M. Jean-Pierre Godefroy. S’ils s’accordent sur la nécessité de réviser la loi de 1970 et le régime de l’usage du cannabis, leurs positions divergent quant à la portée de cette révision : M. Marcangeli prône une contravention respectant l’individualisation des peines à la place du délit actuel, alors que Mme Le Dain est favorable à une légalisation du cannabis dans l’espace privé pour les personnes majeures et à une offre réglementée du produit, sous le contrôle de l’État.
Les auteurs de ces rapports, malgré des divergences dans leurs préconisations, se retrouvent sur le constat des failles de notre législation, de son insuffisance et de la nécessité de la réviser.
Le Gouvernement a lancé le plan de lutte contre la drogue et les conduites addictives 2013-2017. Si ce plan comporte des mesures parfois très intéressantes sur les questions sociales, sanitaires, de prévention et de lutte contre les trafics, je ne suis pas certain qu’il soit suffisant. Il ne me semble en effet pas affronter véritablement la contradiction résultant du fait que la France dispose de la législation la plus répressive en Europe à l’égard du cannabis, alors que les Français sont parmi les plus gros consommateurs...
M. Jean Desessard, rapporteur. Eh oui !
M. Jean-Pierre Godefroy. À l'évidence, il faudrait donc approfondir la réflexion sur les choix que nous devons faire. La proposition de loi de Mme Benbassa a le mérite d’aborder le sujet, de poser ces questions et d’émettre des propositions.

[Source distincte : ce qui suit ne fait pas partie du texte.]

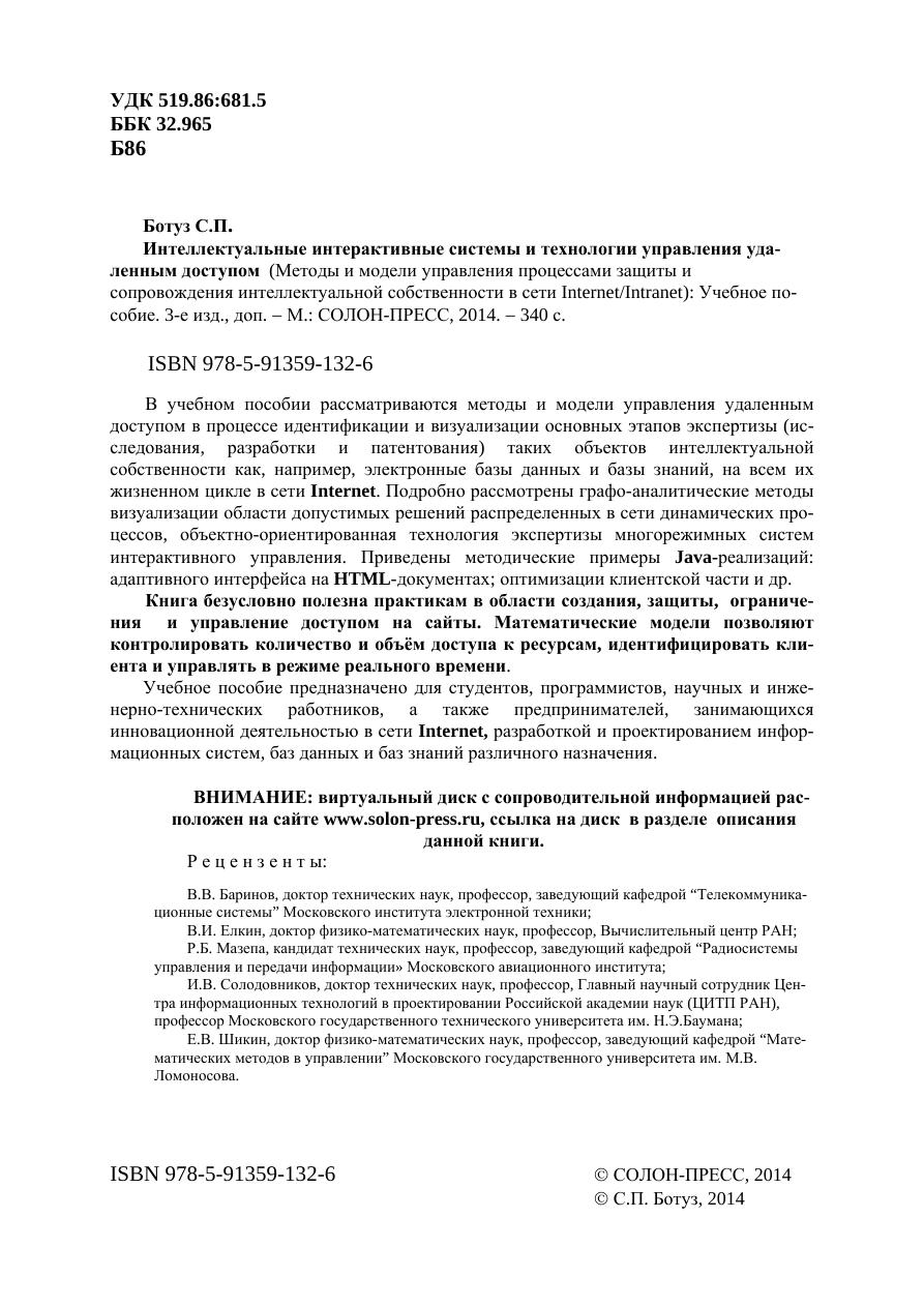 В учебном пособии рассматриваются методы и модели управления удаленным доступом в процессе идентификации и визуализации основных этапов экспертизы (исследования, разработки и патентования) таких объектов интеллектуальнойсобственности как, например, электронные базы данных и базы знаний, на всем их жизненном цикле в сети Internet. Подробно рассмотрены графо-аналитические методы визуализации области допустимых решений распределенных в сети динамических процессов, объектно-ориентированная технология экспертизы многорежимных систем интерактивного управления. Приведены методические примеры Java-реализаций: адаптивного интерфейса на HTML-документах оптимизации клиентской части и др. Книга безусловно полезна практикам в области создания, защиты, ограничения и управление доступом на сайты. Математические модели позволяют контролировать количество и объём доступа к ресурсам, идентифицировать клиента и управлять в режиме реального времени. Учебное пособие предназначено для студентов, программистов, научных и инженерно-технических работников, а также предпринимателей, занимающихся инновационной деятельностью в сети Internet, разработкой и проектированием информационных систем, баз данных и баз знаний различного назначения.
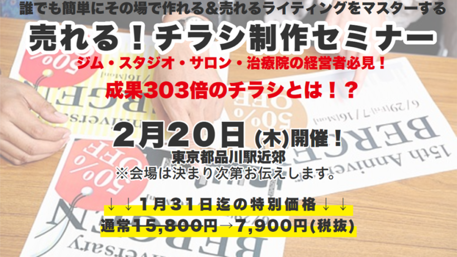 2020.2.20(木)12:00~17:00品川近郊にて 『売れる!チラシ制作セミナー』を開催いたします。 さぁ治療院を立ち上げた! まずは知ってもらわなくちゃ!! そう思ったとき、一番に考えるのはチラシ制作だと思います。 チラシなんて作ったことないし・・・ デザインなんてわからない・・・ まして […]

L’encadrement législatif de l’usage du cannabis renvoie à deux enjeux : celui de la santé publique, d’une part, et celui de l’ordre social, d’autre part.
Sur le volet sanitaire, les dangers que présente le cannabis ont été démontrés, tout particulièrement chez les jeunes. Le cannabis est le premier produit psychoactif illicite consommé par les adolescents.
À court terme, il peut s’agir d’une baisse des performances intellectuelles, d’angoisses, de difficultés de coordination, d’une modification des perceptions, de troubles de la concentration, d’une altération de la mémoire courte, d’une baisse de la vigilance et des réflexes, la baisse étant encore plus importante lorsque la consommation de cannabis est couplée à l’alcool – cela a déjà été dit.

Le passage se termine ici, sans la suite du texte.